In un recente post dell’amico Aldo Piombino è stato posto l’accento sull’influenza delle nuvole a bassa quota, alle latitudini settentrionali, come fattore importante per la variabilità dell’albedo, e quindi della quantità di energia radiante in ingresso e riflessa dal pianeta: oltre a cause naturali nella diminuzione della quantità di nuvole riflettenti, potrebbe esserci stata l’influenza diretta, paradossalmente, del miglioramento della qualità dell’aria!

Le emissioni solforose causate dai combustibili navali aumentano infatti la luminosità delle nubi a bassa quota sul mare, che si formano proprio lungo le rotte marittime (in misura minore anche aeree): lunghe strisce note come ship tracks (tracce delle navi), formate da nubi altamente riflettenti.

Nuove e più stringenti normative internazionali, in vigore dal 2020, hanno ridotto notevolmente le emissioni di zolfo, e di conseguenza anche la formazione di queste nubi basse, come documentato dalle osservazioni condotte per tutto il 2023. L’uso di carburanti migliori ha avuto quindi un effetto indesiderato! Ciò non toglie ovviamente la necessità di migliorare la qualità dell’aria ovunque ce ne sia necessità.

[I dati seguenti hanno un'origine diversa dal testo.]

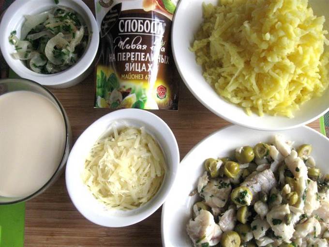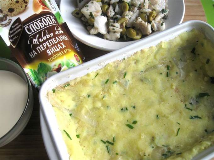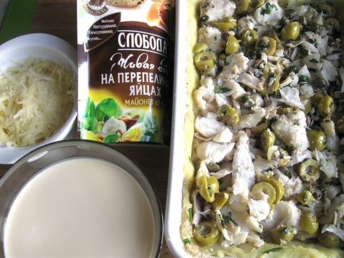 На него положить равномерно рыбу с оливками и каперсами, налить часть заливки.

In un mio post passato avevo messo in evidenza come il contributo complessivo in gas serra del settore dei trasporti marittimi sia pari a circa l’1,7%.

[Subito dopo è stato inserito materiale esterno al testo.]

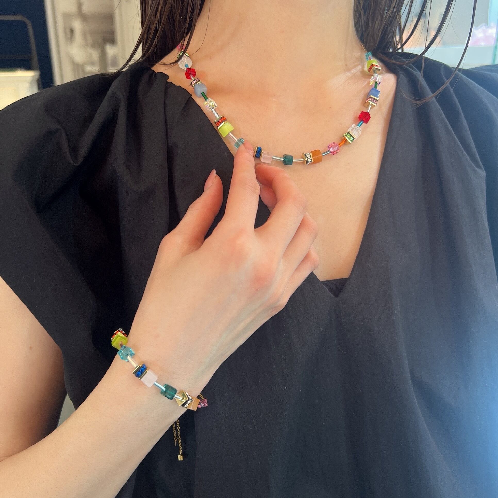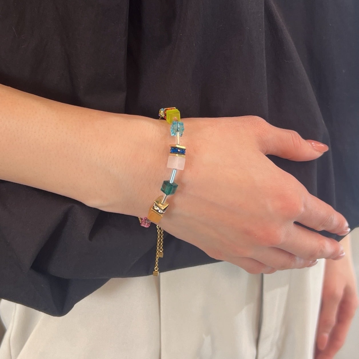 色鮮やかなSwarovski®クリスタルやラインストーン、上品で華やかな天然石を使用したブレスレット。ゴールドカラーのステンレススチール製スライドパーツで長さは簡単に調節可能。さまざまなスタイルに合わせてお楽しみいただけます。

A parziale conferma della relazione tra nubi e inquinamento atmosferico, uno studio recente, la include tra le cause dell’accelerazione del riscaldamento del pianeta a partire dal 2010: i ricercatori affermano che gli sforzi della Cina per ripulire l'inquinamento atmosferico sono responsabili della maggior parte di questo riscaldamento extra.

Nel diagramma, in basso a destra,
il contributo del trasporto marittimo (1,7%) del totale delle emissioni di gas serra ogni anno. I dettagli  in questo mio post.


Una fabbrica di acciaio nell'Hebei, in Cina, nel 2015 (Kevin Frayer/Getty Images)

Gli sforzi della Cina per ridurre l'inquinamento atmosferico sono quindi causa di gran parte del recente aumento del tasso di riscaldamento globale, stimolando la ricerca su come le normative sulla qualità dell'aria influenzino il clima e, soprattutto, se l'impatto della rimozione degli aerosol dall'atmosfera sia stato compreso davvero. Questo riscaldamento aggiuntivo, mascherato dagli aerosol, è responsabile del 5% dell'aumento della temperatura globale, così come ormai ampiamente documentato a partire dalla seconda metà del XIX secolo, inequivocabilmente imputabile a cause antropiche.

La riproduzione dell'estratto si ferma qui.